マチ子さんのファッションライフに、少しでもお役になれれば幸いです。
草々
あとがき的な補足
マチ子さんのブログ経由で、この記事を読んでくださった方もいらっしゃると思うので、私の立場を明らかにしておこうと思います。
現職は確かに「ファッションデザイナー」ですが、つい今年の4月まで、産休・育休で1年ちょっと現場を離れていました。アパレル業界自体に勢いがなく、休みはもらったものの本当に復職できるかよく分からない状態で、さらに私の出産と母の病気が重なってしまい、精神的に滅入っていた時期を過ごしていました。昨年は「ファッションって何なのか・・・。」と迷走していた1年でした。
(迷走っぷりが反映されている過去関連記事:ファッションの力 - fashionを通していろいろ考えるblog)
そんな迷走期間を経て、ありがたいことにまた同じ現場でお仕事することになり、再び「ファッションとは何か?」「流行って何?」と向き合っています。そのために、アメーバからはてなにブログを引っ越しました。マチ子さんの疑問は、私がこのブログを通して考えていきたいことでもあります。

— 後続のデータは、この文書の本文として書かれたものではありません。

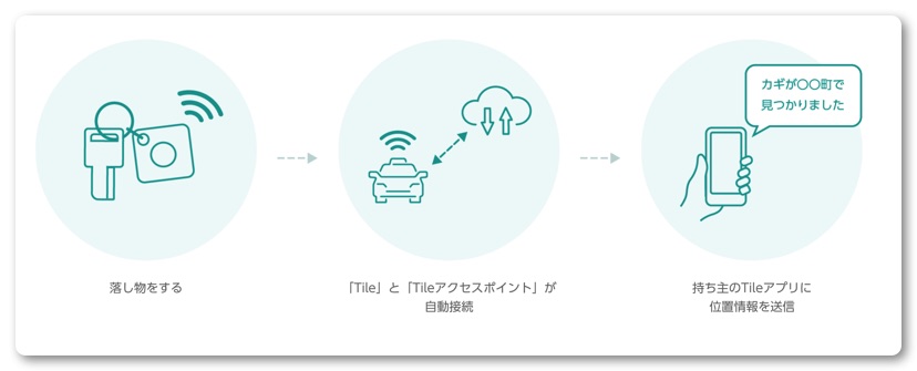 主要な都市部を走るタクシー約20,000台以上にTileにアクセスできる「JapanTaxiタブレット」が搭載されており、動くTileアクセスポイントとなっています。Tileを付けたモノがどこかへ行ったとしても近くを「JapanTaxiタブレット」が搭載されたタクシーが通過すればTileの位置を把握し通知してくれます。
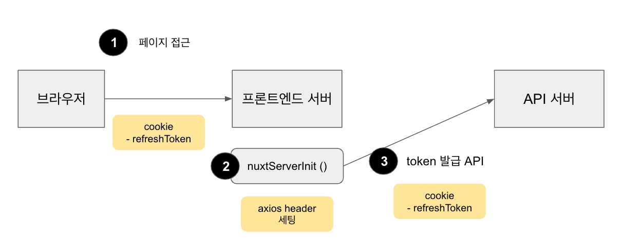 그림에서 보듯이 브라우저에서 SSR이 이루어지는 프론트엔드 서버로는 refreshToken이 쿠키를 통해 전달이 된다.
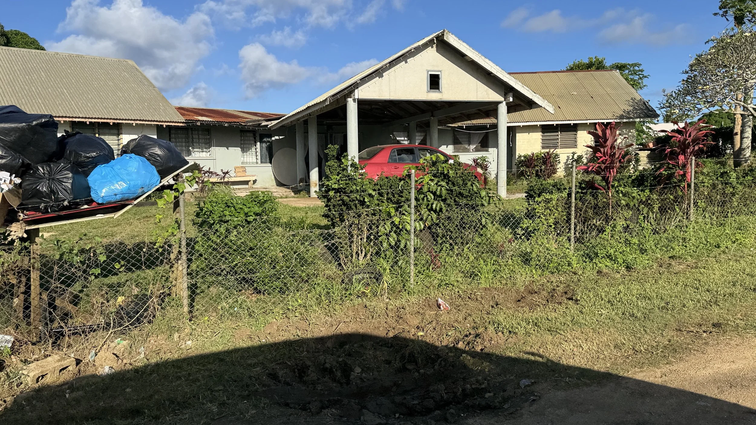 Typical Tongan family home. Note: on the left side the raised platform for garbage pick up to prevent the pigs and dogs from scavenging. This is typical throughout the South Pacific islands where animals roam freely.
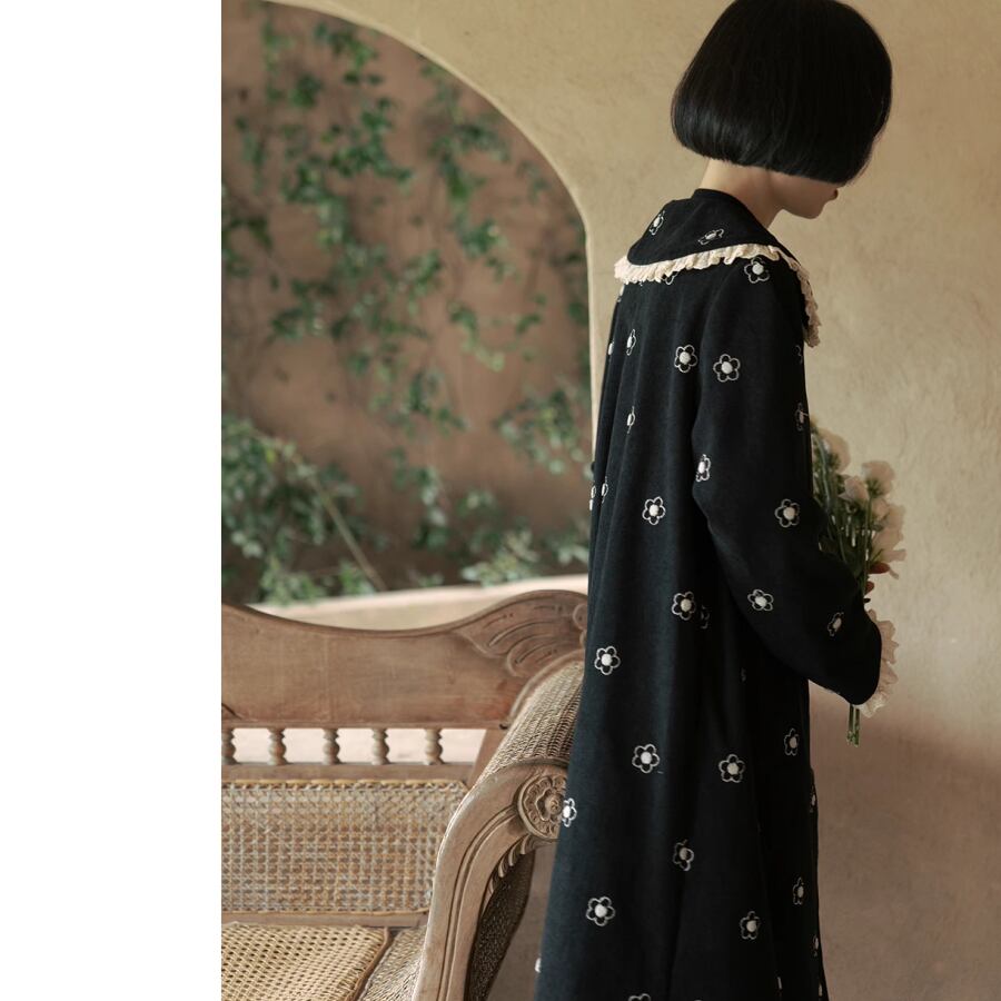 レディース コーデュロイ 花柄 ワンピース 長袖 ロング丈 丸襟 フリル S M ブラック AS10748
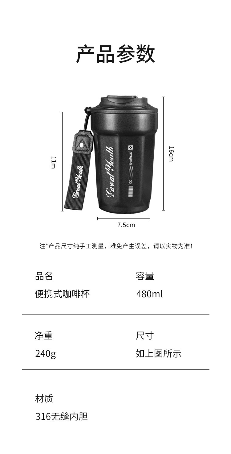316 스테인리스 스틸 커피 보온병 맞춤형 로고 휴대용 물컵 남녀 학생 대용량 비즈니스 휴대용 컵
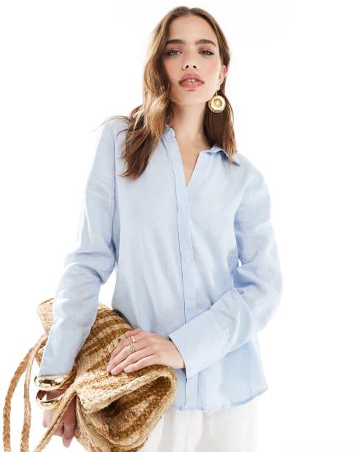 Mango – Leinen-Hemdbluse in Hellblau
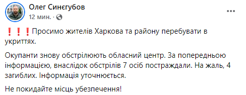 Губернатор Харьковской области Олег Синегубов обратился к жителям Харькова с призывом не покидать укрытия. В областной военной администрации уточняют, что сегодня под обстрел попал центр Харькова. Погибли четыре человека. Еще семь получили ранения.
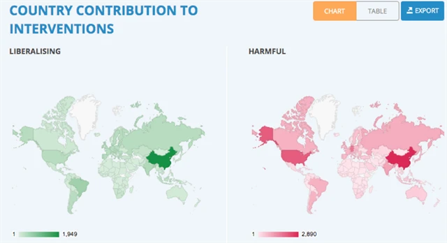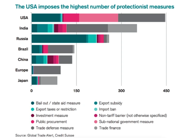 Počet obchodních bariér od turbulencí způsobených kolapsem hypotéčního trhu v USA v roce 2008 narůstá. Vyšší počet ochranářských opatření oproti těm liberalizačním každoročně přijímá většina systémově významných ekonomik. Pomyslným epicentrem (re)akce jsou USA a Čína, dvě mocnosti soupeřící o budoucí podobu světa.
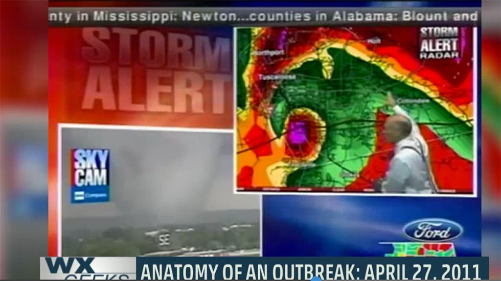 A clip from an ABC 33/40 broadcast on April 27, 2011, showed a live cam of a large tornado tearing through Tuscaloosa, Alabama (lower left), while meteorologist James Spann showed the tornado on radar (upper right). This clip was shown during an episode of Weather Geeks on The Weather Channel.
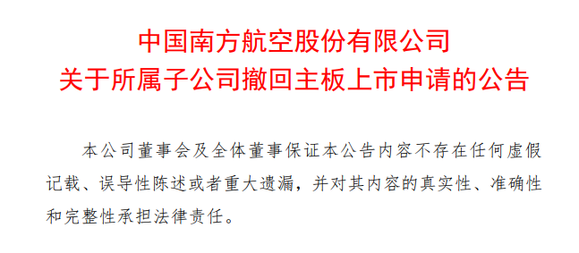 南航发布关于所属子公司撤回主板上市申请的公告,公告称公司自筹划本次分拆上市事项以来,积极推进相关事宜,组织中介机构开展尽职调查等相关工作,并严格按照相关法律法规和规范性文件的要求履行了决策程序和信息披露的义务。基于目前市场环境变化,为统筹安排资本运作规划,经充分沟通及审慎论证后,南航物流拟撤回上交所主板上市申请文件。
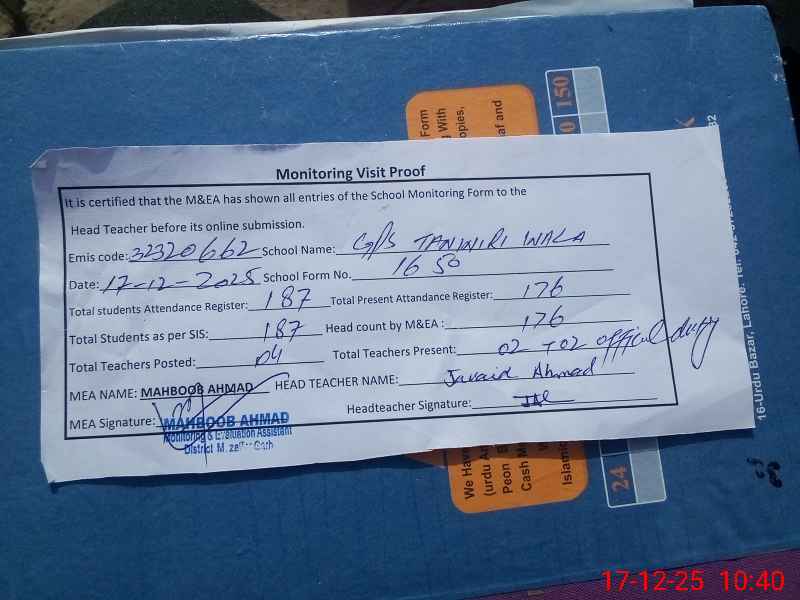 | EMIS Code: 32320662 | Name of School: GPS TANWRI WALA | |||
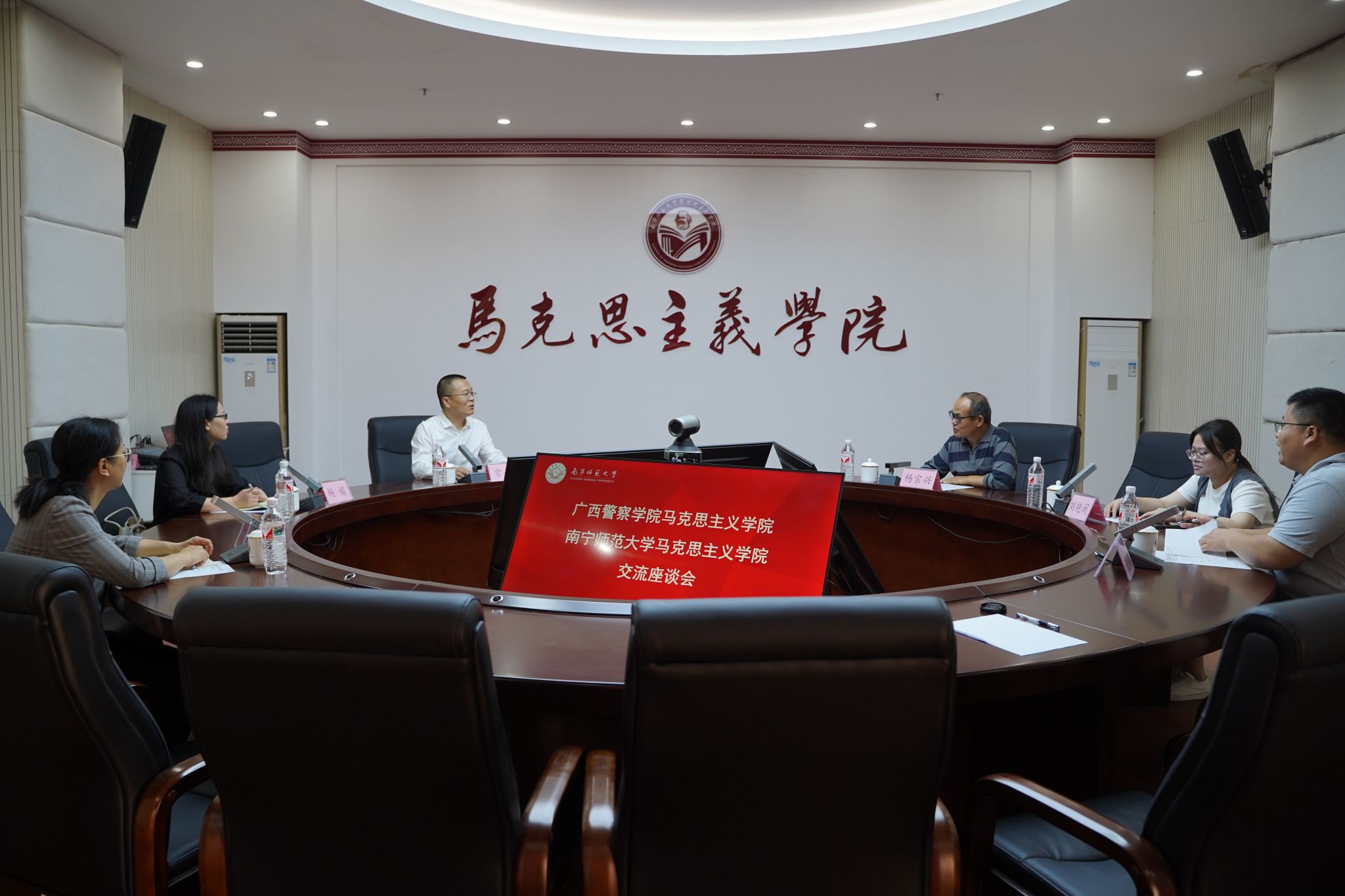 参观结束后,双方围绕“形势与政策”课程建设进行了深入交流。杨宗兴系统介绍了马克思主义学院“形势与政策”课程在课程体系构建、师资队伍建设、集体备课模式及教学安排等方面的创新举措与实践经验。刘艳闽重点展示了马克思主义学院实践教学特色,通过“三三制”微教学平台生动呈现了实践课程的育人模式与教学成果。常叔杰介绍了广西警察学院马克思主义学院“形势与政策”课程的建设情况,表示我校马克思主义学院的先进经验为广西警察学院的“形势与政策”课程建设提供了宝贵参考,希望未来能进一步加强交流合作。期间,双方就课程建设中的重点难点问题进行了深入探讨。

(ブログ引越しの経緯を書いた過去記事:アメブロからはてなブログに引っ越した、たった1つの理由 - fashionを通していろいろ考えるblog)
今回のお手紙では、「オシャレと流行の関係」に焦点を絞って書きましたが、このブログでは、「ファッション」「おしゃれ」「装うこと」に関する、今の私なりの思いを書いた記事は他にもあります。たくさんありますが、興味がある方はよろしければ。
ファッションの意味 - fashionを通していろいろ考えるblog
2013年、春のファッションキーワード:ムード編 - fashionを通していろいろ考えるblog
2013年、春のファッションキーワード:ムード編、その1 - fashionを通していろいろ考えるblog
2013年、春のファッションキーワード:ムード編、その2 - fashionを通していろいろ考えるblog
2013年、春のファッションキーワード:ムード編、その3 - fashionを通していろいろ考えるblog
脱・洋服、脱・ファッション。 - fashionを通していろいろ考えるblog
新しい生き方においては、衣食住ではなく、食住衣。 - fashionを通していろいろ考えるblog
今、Factelier(ファクトリエ)に心惹かれる3つの理由 - fashionを通していろいろ考えるblog
子供服をオーダーで注文する理由 - fashionを通していろいろ考えるblog
はー、年内に書き上げられてよかった・・・。多分、これが2014年最後の記事になると思います。それでは、よいお年を!